- _Data for this task_

--- START ---

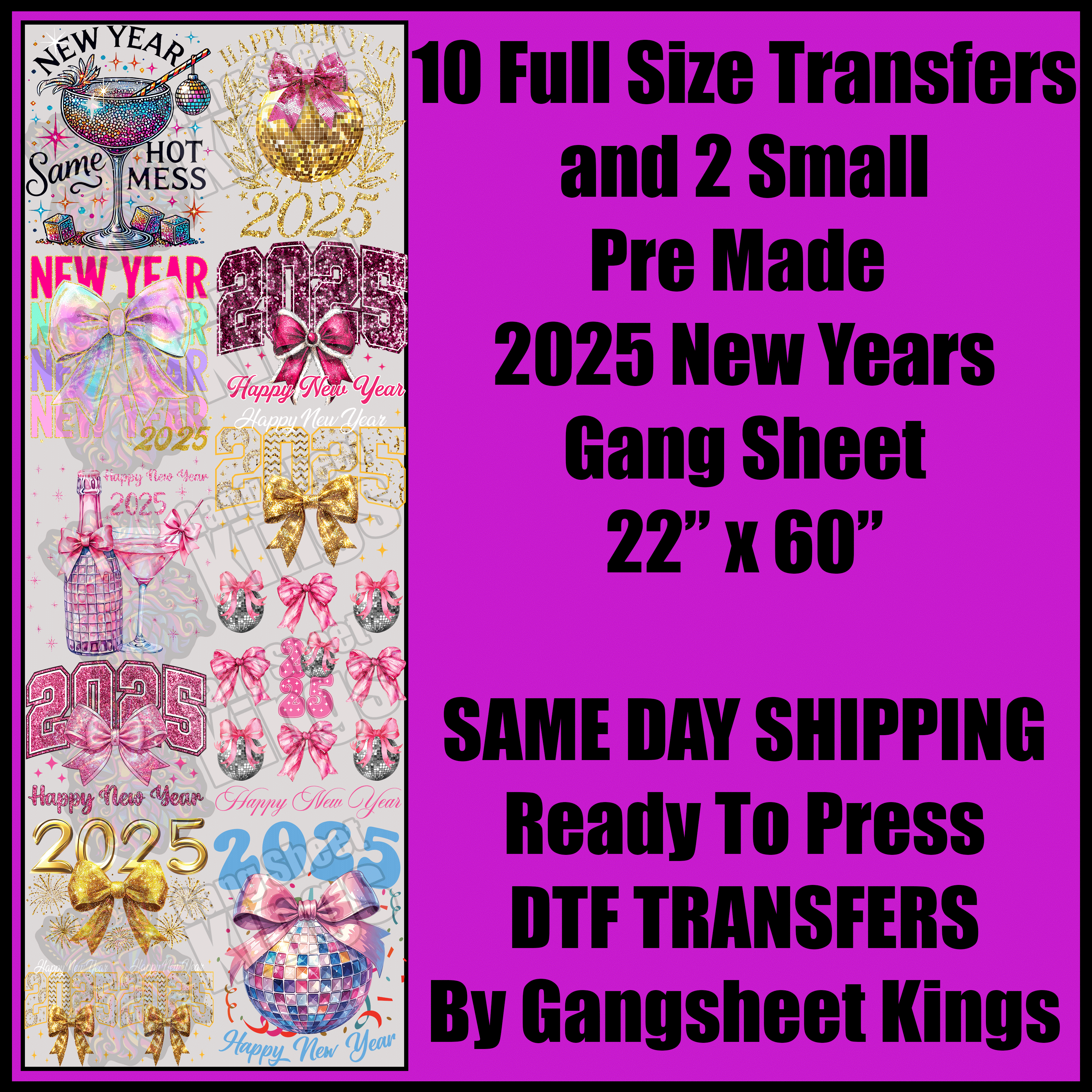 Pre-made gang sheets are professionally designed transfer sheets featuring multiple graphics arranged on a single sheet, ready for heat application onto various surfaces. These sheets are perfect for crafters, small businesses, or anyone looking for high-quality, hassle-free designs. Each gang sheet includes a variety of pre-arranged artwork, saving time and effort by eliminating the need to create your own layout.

--- END ---
--- START ---

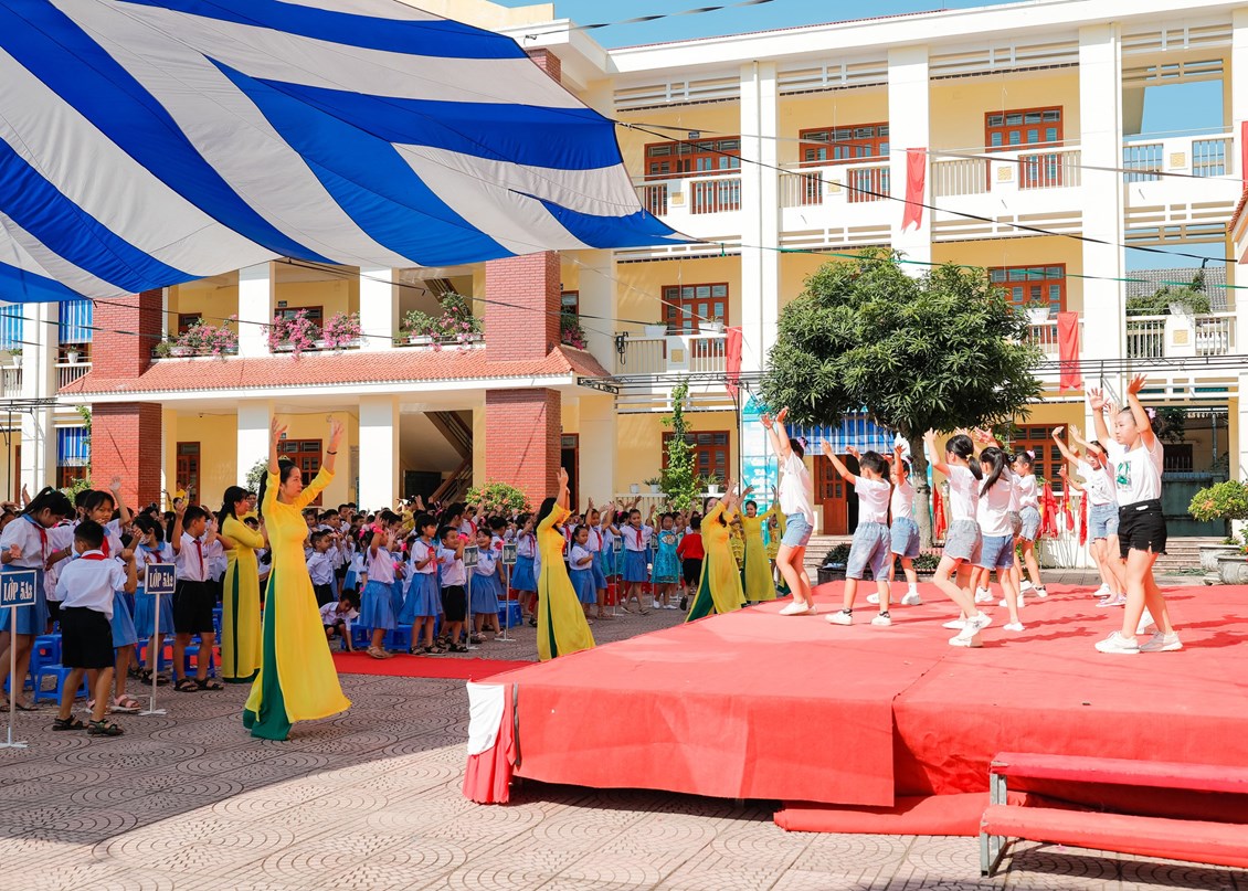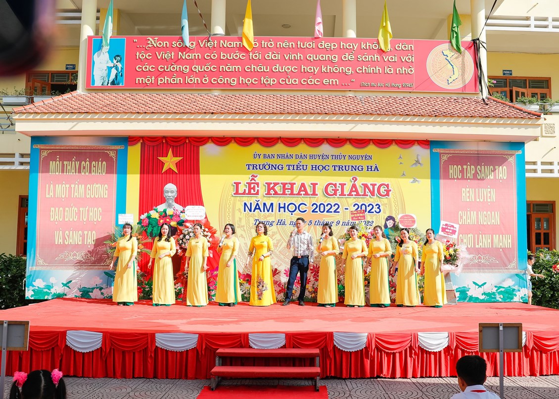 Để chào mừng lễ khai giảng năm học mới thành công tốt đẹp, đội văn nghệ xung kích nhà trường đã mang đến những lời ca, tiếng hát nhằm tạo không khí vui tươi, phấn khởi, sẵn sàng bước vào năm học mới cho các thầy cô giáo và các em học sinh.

--- END ---
--- START ---

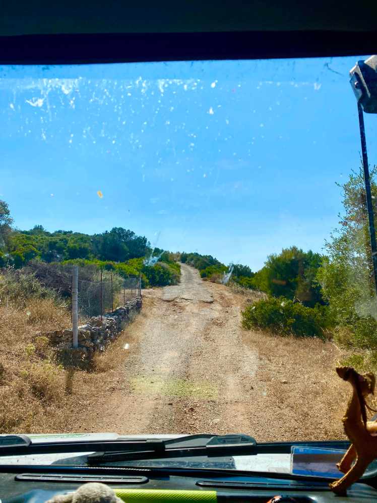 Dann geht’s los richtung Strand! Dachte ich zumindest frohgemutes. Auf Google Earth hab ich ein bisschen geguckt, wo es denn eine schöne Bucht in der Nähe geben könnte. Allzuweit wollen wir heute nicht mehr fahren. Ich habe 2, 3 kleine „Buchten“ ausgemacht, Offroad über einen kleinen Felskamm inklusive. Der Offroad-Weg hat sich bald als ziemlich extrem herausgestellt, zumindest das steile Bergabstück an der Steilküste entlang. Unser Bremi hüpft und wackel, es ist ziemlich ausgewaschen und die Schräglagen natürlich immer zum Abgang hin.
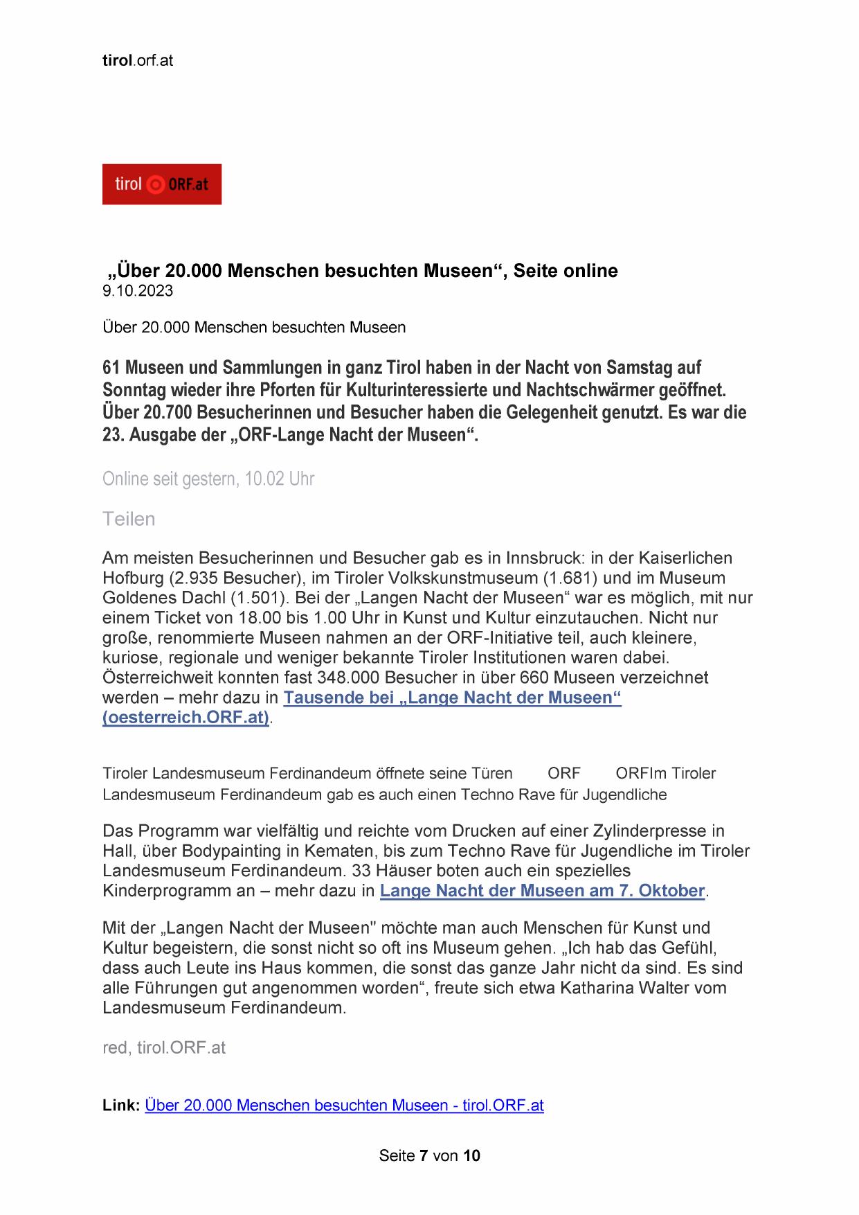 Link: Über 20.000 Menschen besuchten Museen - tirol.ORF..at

--- END ---

- _What the exercise asks_
Within these entries, output exactly the lines starting at the one with "Dann geht’s los" and finishing at the one with "Link: Über 20.000". Leave pictures out of the output.

- _Output for this task_
 Dann geht’s los richtung Strand! Dachte ich zumindest frohgemutes. Auf Google Earth hab ich ein bisschen geguckt, wo es denn eine schöne Bucht in der Nähe geben könnte. Allzuweit wollen wir heute nicht mehr fahren. Ich habe 2, 3 kleine „Buchten“ ausgemacht, Offroad über einen kleinen Felskamm inklusive. Der Offroad-Weg hat sich bald als ziemlich extrem herausgestellt, zumindest das steile Bergabstück an der Steilküste entlang. Unser Bremi hüpft und wackel, es ist ziemlich ausgewaschen und die Schräglagen natürlich immer zum Abgang hin.
 Link: Über 20.000 Menschen besuchten Museen - tirol.ORF..at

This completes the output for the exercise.